Abstract
In the past two decades, rheumatology has witnessed a paradigm shift—from the widespread use of methotrexate and leflunomide to the advent of biologics, biosimilars, and now targeted small molecules that have revolutionized treatment. However, this progress comes with a significant challenge: infections, which remain a pressing concern in India, where we face unique socioeconomic and healthcare challenges. The holistic management of autoimmune rheumatic diseases (AIRDs) must go beyond disease control to focus on preventing complications, with infection prevention, particularly through vaccination, being of utmost importance.
In this context, the publication of the “Expert Panel Consensus Statements on Vaccination for Adults with AIRD in India” is a welcome step. 1 It reflects a well-coordinated effort to provide consensus-based, up-to-date recommendations aligned with global standards for AIRD patients in India. Authors have done well in allaying common fears in the rheumatology community by providing evidence-based guidelines for initiating vaccinations, across all the ages, before initiation of immunosuppressive therapy even in active AIRDs. Regarding pneumococcal vaccination, present guidelines have highlighted that both, pneumococcal polysaccharide vaccine (PPSV23) or PCV13, are equally efficacious in generating sufficient antibody responses and can be used as stand alone or in prime boost manner (PCV13 followed 2 months later by PPSV23). However, guidelines are not clear about certain real-world scenarios; a patient received a dose of pneumococcal polysaccharide vaccine (PPSV23) five years ago then what should be administered next—PPSV23 or PCV13, and in what sequence—especially when the patient’s prior PCV13 status is unknown, a frequent occurrence in India. Perhaps, till more data is available for such scenarios, rheumatologists should use their own best judgement in vaccinating their patients. Readers may refer to our 2010 paper that may offer practical, simplified guidance on pneumococcal vaccination, addressing these very issues with a clear schedule and case examples. 2 Even the European League Against Rheumatism (EULAR) dedicated a table to this, underscoring its importance. 3
Cervical cancer remains the second leading cause of cancer-related deaths among Indian women, with over 25% of global deaths occurring in India. The WHO, endorsed by the Federation of Obstetric and Gynecological Societies of India (FOGSI), strongly recommends HPV vaccination for girls under 15 years, with two doses at a six-month interval, and for immunocompromised women up to 45 years of age. 4 Given the high prevalence of women with AIRD in India, HPV vaccination should be given significant attention. Authors of the current guidelines have cited lack of good quality data regarding recommendations for HPV vaccination in patients with AIRDs. Again, readers may refer either to FOGSI guidelines or to our 2010 paper. 2 With the availability of good quality studies it is expected that this crucial area will be updated in the future guidelines.

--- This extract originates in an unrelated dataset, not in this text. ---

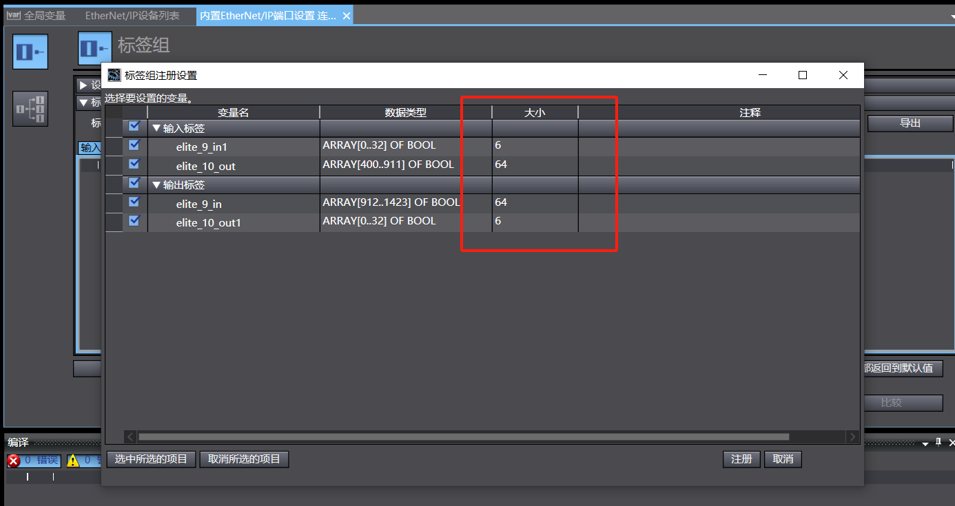 13、 进入内部 EtherNet/IP 端口设置,选择标签组,点击全部注册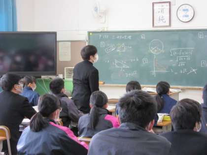 3年生の数学の授業では、三平方の定理の学習をしていました。この学習を通して、生徒の皆さんは、紙の大きさのA判・B判の秘密を知ってしまったようです。今まで知らなかったことが分かる瞬間って楽しいですね。

Another aspect that requires attention is the vaccination of neonates born to mothers with active AIRD. Increasingly, women with rheumatic diseases are able to conceive and carry pregnancies to term due to the safety of several drugs, including anti-TNF agents. However, after delivery, these mothers often rely on pediatricians or obstetricians who may not be fully aware of the nuances involved in vaccinating these infants. Both the European Alliance of Associations for Rheumatology (EULAR) and the American College of Rheumatology (ACR) have clear guidelines on when to avoid live vaccines in neonates born to mothers receiving certain immunosuppressive treatments.3,5 Unfortunately, this crucial information is not addressed in the current IRAVAC consensus paper.
Another notable oversight by the Expert Panel is the omission of key insights from an Indian paper, also published in this journal in 2016, which offers clear recommendations on vaccination for adults with autoimmune inflammatory rheumatic diseases (AIRD). 6 Also an ‘ACR recommendations’ publication on vaccination for adults with autoimmune inflammatory rheumatic diseases has been missed in IRAVAC consensus paper. 7 Incorporating some of the crucial points of these recommendations into the IRAVAC consensus statement 1 would have enhanced its practical utility for this special patient population.
Lastly, while the literature on timing the cessation of immunosuppressive therapy before administering live vaccines is limited, it is worth noting that the ACR provides detailed and practical guidance on this, offering specific intervals for each drug. 5 A similar effort by the authors here would have been highly appreciated.
As we move toward more localized guidelines, we must ensure that they are not only comprehensive but also practical and cost-effective for rheumatologists treating patients from diverse socioeconomic backgrounds. Guidelines should serve as a ready reckoner for the busy clinician, providing clear recommendations on which vaccine to use, when to use it, and how to use it.
We are hopeful that future updates to these consensus statements will address these shortcomings. A clear, more comprehensive and user-friendly approach to this issue would be a significant improvement.
We look forward to the next iteration of these guidelines, which will hopefully address these critical gaps.